TAE Technologies, the California, USA-based fusion energy technology company, has announced that its proprietary beam-driven field-reversed configuration (FRC) plasma generator has set a new company record for plasma temperature. After more than 4000 experiments to date, the generator ‘Norman’ has now exceeded the capabilities and performance of the company’s previous FRC plasma generator, C-2U.

The Norman fusion device (Image: TAE Technologies)

Norman – a $100 million National Laboratory-scale device named after company founder Norman Rostoke – was unveiled in May last year and reached first plasma in June.

For a successful fusion reaction, plasma must be hot enough to enable forceful enough collisions to cause fusion and sustain itself long enough to harness the power at will.
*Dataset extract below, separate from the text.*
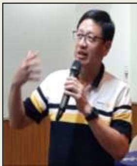
Replying to questions from PP Ferd and PE Dodie.

These are known as the ‘hot enough’ and ‘long enough’ milestone. TAE said it had proved the ‘long enough’ component in 2015, after more than 100,000 experiments. A year later, the company began building Norman, its fifth-generation device, to further test plasma temperature increases in pursuit of ‘hot enough’.

“This announcement is an important milestone on our quest to deliver world-changing clean fusion energy to help combat climate change and improve the quality of life for people globally,” TAE President and CTO Michl Binderbauer said in the 6 February statement.

TAE Technologies’ approach to fusion combines advanced accelerator and plasma physics, and uses abundant, non-radioactive hydrogenboron (pB-11) as a fuel source. The proprietary magnetic beam-driven FRC technology injects high-energy hydrogen atoms into the plasma to make the system more stable and better confined. This solution is compact and energy efficient, TAE says, “yielding a practical commercial power plant that is economically competitive with other energy technologies and provides continuous baseload power generation”.

TAE says it has a longstanding collaboration with Google to apply machine learning to advance plasma physics.